Поднявшись к себе, Марк первым делом затолкал куртку в бак стиральной машины, а сам влез под душ. Когда горячая вода смыла гнусный осадок, оставшийся от инцидента, он, не вытираясь, нагишом прошлепал в прихожую и извлек из сумки папку. Затем выставил листы акварелей на столе в большой комнате, прислонив к стене, а сам, налив на три пальца джина в стакан и выжав туда половину лимона, как был, повалился в кресло напротив.
Плотные, вибрирующие кусты «Сиреней» источали лиловое сияние, словно маленькие ядерные реакторы перед взрывом. Две другие акварели были мягче — что-то усадебное, с водой и жидкой майской зеленью.
«Сирени» — никому, — решил Марк. — Это мое. И показывать не буду. Сразу слетятся, стервятники чертовы".
Он отхлебнул едкий глоток, и рука сама потянулась за сигаретой. Марк хмыкнул, встал и отнес на кухню единственное, что еще напоминало в доме о куреве, — громоздкую самшитовую спичечницу, выдававшую при нажатии спички поштучно.
Сунув ее в стенной шкаф за пакеты с джонсоновским сухим молоком и банки с консервированной ветчиной, он вернулся и натянул джинсы, косясь на себя в зеркало.

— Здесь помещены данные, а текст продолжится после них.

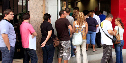 Unge står i kø ved arbejdsformidlingen, Oficina de Empleo.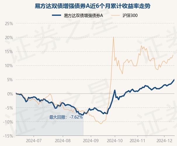 证券之星消息,12月12日,易方达双债增强债券A最新单位净值为1.845元,累计净值为2.355元,较前一交易日上涨0.54%。历史数据显示该基金近1个月上涨2.22%,近3个月上涨12.02%,近6个月上涨4.89%,近1年上涨9.11%。该基金近6个月的累计收益率走势如下图:

Широкие, чуть сутуловатые плечи, выпуклая грудь, покрытая золотистым пухом, который, спускаясь ниже, темнел, становясь на треугольнике, завершающем по-волчьи поджарый, рельефно вылепленный живот, каштановым с отливом в медь; узкие бедра, сухие, сильные, с узловатыми икрами ноги.
Ногами Марк втайне гордился — в известном смысле они его и кормили. Он мог бы хоть сегодня приобрести десяток «Жигулей» и даже нечто вроде того желтого «мерседеса», на котором с помпой раскатывал отставной полковник, живший этажом выше и побывавший военным советником где-то в Африке. Но в его трудовой книжке стояла запись «лаборант», а значит, машину иметь ему не полагалось. В этом он был тверд — нечего попусту светиться, и без того зацепок сколько угодно. К тому же большие люди из их круга не всемогущи, и злоупотреблять их покровительством не следует.

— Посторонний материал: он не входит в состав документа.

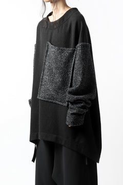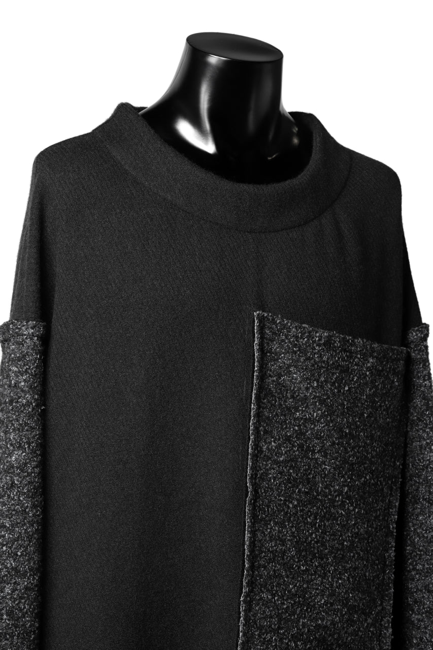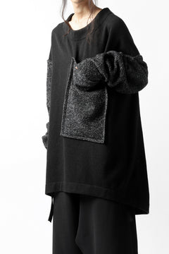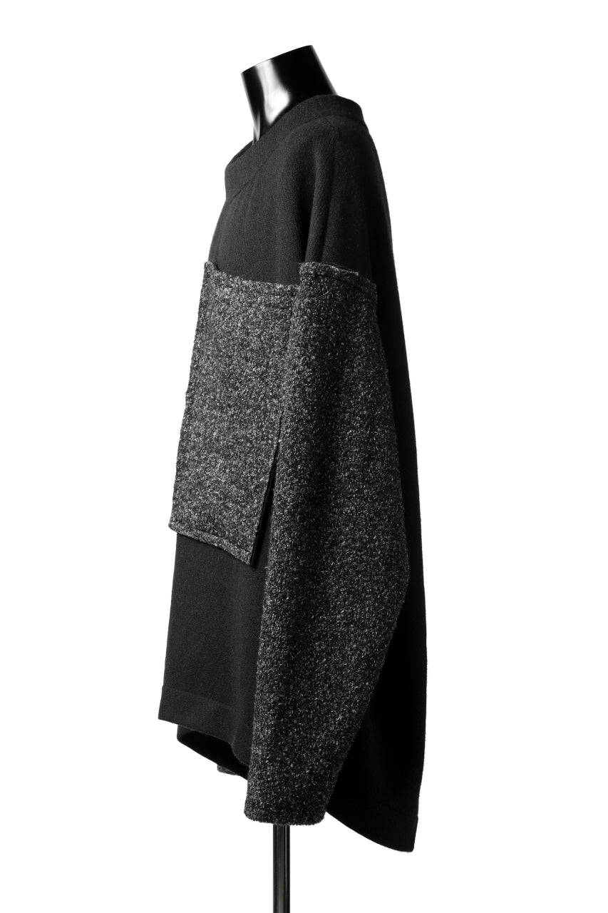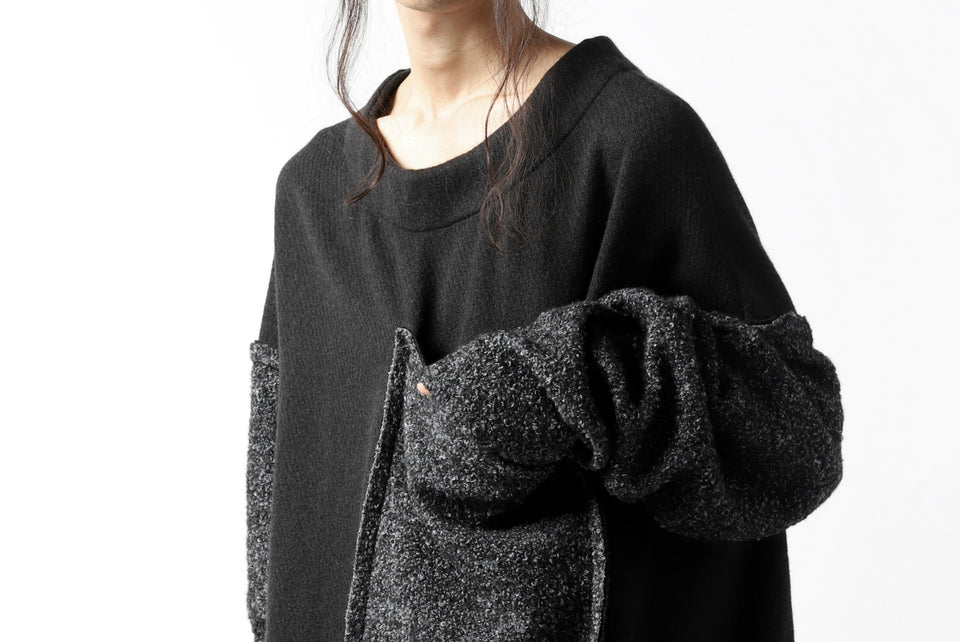 ・異素材のコンビネーションで構築したプルオーバーのニットセーター。

Он выпрямился и запустил пальцы в жесткие, слегка вьющиеся волосы. В висках шумела усталость. Из зеркала смотрели на него серые, спокойные, как осенняя вода, глаза под густыми, ровной чертой бровями.
Джин согрелся, но Марк допил его безо льда, упаковал листы и убрал с глаз долой. Он почувствовал, как тяжелеют веки. С утра чертова прорва дел.
Хорошо, если зайдет Дима — кое-что можно поручить и ему. Если нет — хоть разорвись.
Он прошел в спальню, сдернул покрывало со своей необъятной и невероятно скрипучей кровати из орехового гарнитура, помнившего времена императора Павла, и боком рухнул в ее недра, по привычке подтянув левое колено к животу. Только в этой позе, напоминающей движение атлета с античной вазы, он мог остановить неумолчный гул мыслей, расслабиться и уплыть в темноту.
Однако перед тем, как сон взял его, Марк еще успел увидеть лицо сестры.
Почему он вспомнил о ней? Что случилось? Никогда и ни к кому он не был так привязан, как к этой девчонке. Еще в ту пору, когда они жили в Вешняковском, дверь в дверь с Семерниными, а родители месяцами бывали в отъезде по делам службы отца в Министерстве культуры и за детьми — четырнадцатилетним Марком и пятилетней Милой — присматривала мать Дмитрия, он стал для нее всем.
Братом, отцом, подругой — кем угодно. Он научил ее всему, что знал сам, но три года спустя что-то сломалось. Кто был в этом виноват? Еще один вопрос, не имеющий ответа. Не мог же он обманывать сам себя столько лет подряд?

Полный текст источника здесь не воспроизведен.